2024 wird der Architekten- und Ingenieurverein zu Berlin-Brandenburg 200 Jahre alt. Im Vorfeld des Jubiläums hat der AIV deshalb die Initiative ergriffen, einen genaueren Blick auf seine bislang kaum erforschte Geschichte im Nationalsozialismus zu werfen. Der Verein schaltete sich nach 1933 selbst gleich und schloss 83 Mitglieder aus, die während der NS-Zeit als Juden verfolgt wurden. Eine Ausstellung beleuchtet nun das unrühmliche Kapitel des AIV.

In einer kürzlich eröffnete Ausstellung beleuchtet der Architekten- und Ingenieursverein zu Berlin und Brandenburg seine Geschichte zur Zeit des Nationalsozialismus. / © Visualisierung: Architekten- und Ingenieurverein zu Berlin-Brandenburg e.V.

© Visualisierung Titelbild: Architekten- und Ingenieurverein zu Berlin-Brandenburg e.V., Architekturmuseum TU Berlin
Text: Wolfgang Leffler

 

Zur Ausstellungseröffnung „Im Gleichschritt: Der Architekten- und Ingenieur-Verein zu Berlin im Nationalsozialismus“ gab der AIV im Architekturmuseum der TU Berlin eine Pressekonferenz zu der vom 7. Dezember 2023 bis 22. Februar 2024 stattfindenden Ausstellung in den Räumlichkeiten des Architekturmuseums der Technischen Universität.

Mit dieser Ausstellung bringt der AIV Licht in das Dunkel zur Geschichte des Vereins in den Jahren 1933 bis 1945 und räumt endgültig mit den vorgeschobenen Entschuldigungen auf, dass der AIV während der Nazizeit verboten gewesen wäre und diese Zeit quasi als ‚blinder Fleck‘ im Gedächtnis des AIV verhaftet sei.

AIV-Ausstellung “Im Gleichschritt” beleuchtet NS-Zeit des Vereins

Tobias Nöfer in seiner Funktion als AIV-Vorsitzender betonte in seiner Einführungsrede die Bedeutung dieser jetzt veröffentlichten Forschungsergebnisse, die erschreckende Realitäten zu Tage befördert hätten und schlimmer seien als ursprünglich angenommen.

Man fühle sich verpflichtet – auch hinsichtlich der Vorbereitungen zum 200-jährigen Vereinsjubiläum im Jahr 2024 – endlich mit diesem Lügenkonstrukt aufzuräumen. Gleichzeitig entschuldigte er sich im Namen des Vereins bei den Opfern und deren Familien, die im Zuge der Machtübernahme der Nazis und der politischen Gleichschaltung des AIV aus dem Verein ausgeschlossen worden waren.

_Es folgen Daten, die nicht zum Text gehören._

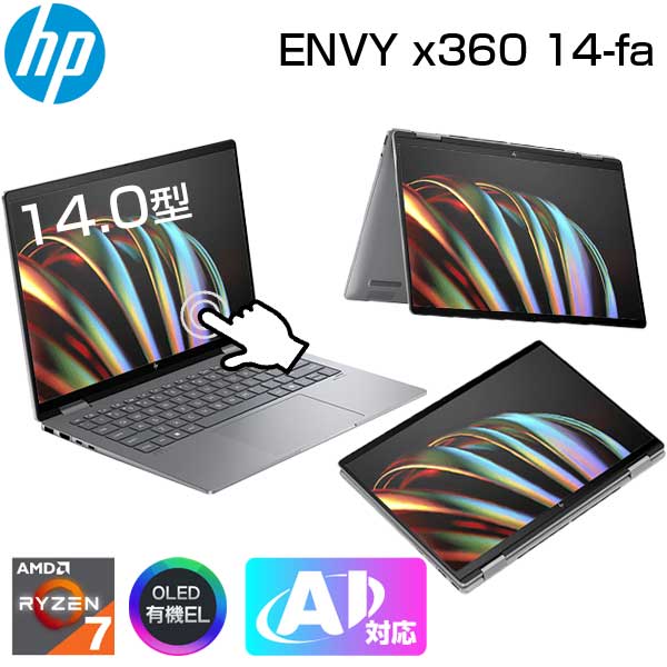 【AI 搭載 タッチパネル 対応】 HP 2in1 ノートパソコン ENVY x360 14-fa0001AU 14.0インチ 2.8K 2880x1800 OLED 有機EL 120Hz AMD Ryzen 7 8840HS メモリ 32GB SSD 1TB Windows11 無線LAN IR WEBカメラ 顔認証 メテオシルバー ノート PC パソコン
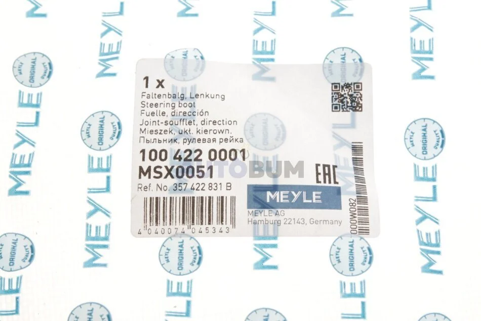 Пильник кермової рейки MEYLE 100 422 0001

Der AIV Berlin schloss 83 Mitglieder aus, die bis 1938 als Juden verfolgt wurden

Immerhin kündigte der AIV 83 Mitgliedern, die in den Jahren 1933 bis 1938 als Juden verfolgt wurden, die Mitgliedschaft. Der heutige Architekten- und Ingenieurverein zu Berlin-Brandenburg e.V., der sich seit seiner Gründung im Jahr 1824 bis 1933 jeglicher politischer Parteiname enthielt, brach nach der Machtergreifung der Nazis mit diesem Neutralitätsprinzip und wurde 1938 als „Gaufachgruppe Berlin der Fachgruppe Bauwesen im NS-Bund Deutscher Technik“ der NSDAP eingegliedert.

Die nun eröffnete Ausstellung belegt anschaulich die Beteiligung vieler Vereinsmitglieder an der verbrecherischen Baupolitik und der mörderischen Baupraxis im Zweiten Weltkrieg.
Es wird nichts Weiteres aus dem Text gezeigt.